La ministre française de l’Enseignement supérieur et de la Recherche était de passage, lundi, en Belgique. Dans l’entretien qu’elle a accordé à "La Libre" à cette occasion, Valérie Pécresse détaille le plan qu’elle met en place pour décourager les jeunes Français de venir en masse étudier en Belgique francophone. Les étudiants français sont en effet nombreux chez nous, essentiellement dans les filières médicales et paramédicales. Une manière, pour eux, de contourner les concours existant en France. En Communauté française, cet afflux ne va pas sans poser problème (surpopulation des auditoires, qualité des soins menacée ) et a poussé le gouvernement à fixer des quotas (le fameux décret "non-résidents").

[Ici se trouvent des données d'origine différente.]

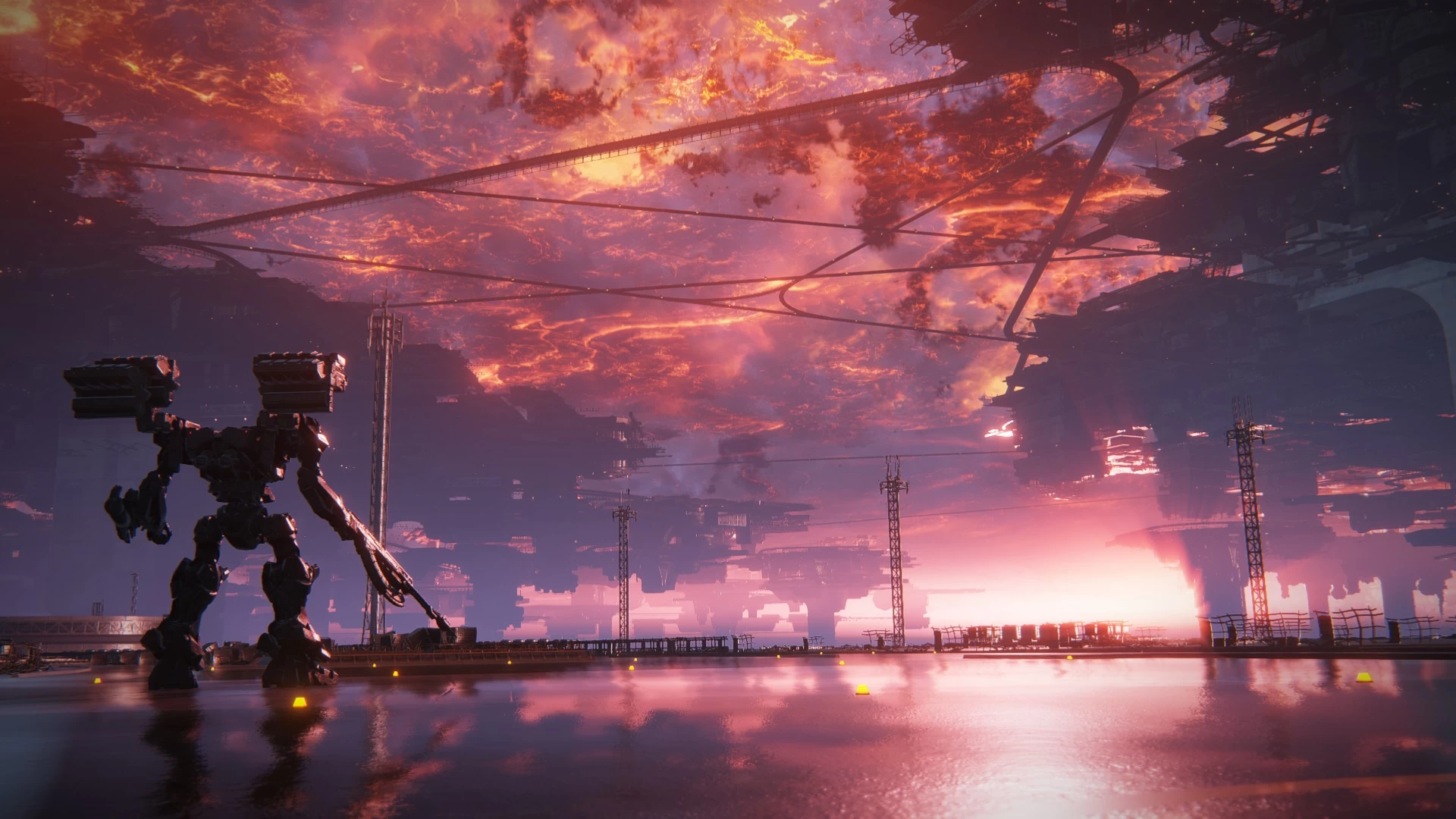 أما من الناحية الرسومية، فلعبة Armored Core VI تقف جنبًا لجنب مع ELDEN RING كأفضل تصميم رسومي عمل عليه استوديو From Software حتى الآن. نزور في اللعبة كمية ضخمة من المناطق على كوكب روبيكون، وكل منطقة تتمتع بطابع خاص بها، واستعان الاستوديو بفكر صُنع شكل مُعين للسماء (Skybox) لكل منطقة مما يُغير تمامًا من الإضاءة وانعكاس الألوان على البيئات من حولك. يوجد اهتمام كبير بالتفاصيل هنا سواء في تصميم البيئات أو الآلات المُدرعة نفسها والأسلحة، مع Textures بدقة وجودة عالية ترفع من مدى جمال الرسومات. يمكنكم رؤية مجموعة رائعة من الصور التي لقطتها بخاصية التصوير Photo Mode والتي تتواجد لأول مرة في لعبة من From Software!

L’Autriche connaissant le même problème avec les étudiants allemands, des discussions sont menées au niveau européen. Mais Mme Pécresse voit une partie de la solution à ce problème au sein même de l’enseignement supérieur français. "En France, nous avons un système d’études trop fondé sur la sélection par l’échec, typiquement dans les études médicales et paramédicales (médecine, pharmacie )", explique la ministre. "Mais j’essaie de réformer tous les cursus qui conduisent les jeunes à l’impasse. Pour la première année d’études, nous avons fusionné médecine et pharmacie et nous avons donc un cursus de santé. Je souhaite qu’à la fin de ce cursus, on place tous les concours paramédicaux, de façon à ce que tous ceux qui n’obtiennent pas les premières places (qui mènent à médecine, dentisterie, sage-femme ) puissent également passer en infirmière, en kiné Et je voudrais aussi que les universités nous proposent en deuxième année des diplômes pluridisciplinaires en économie-gestion, en droit, en sciences, etc., de façon à ce qu’un élève qui a réussi sa première année de santé puisse faire un diplôme de droit de la santé, d’économie de la santé, de sciences et santé, et qu’il ne soit pas obligé de redoubler. Et on créera aussi des passerelles de retour en médecine. Avec un bac + 5, on pourra repasser le concours de médecine. Cela redonnera de l’attractivité aux études médicales françaises. Quand on aura construit cela, je pense que le système belge sera moins attractif pour les Français."

Reste à voir si cela sera suffisant pour décourager les Français qui se sentent une vocation de médecin de passer la frontière pour se former...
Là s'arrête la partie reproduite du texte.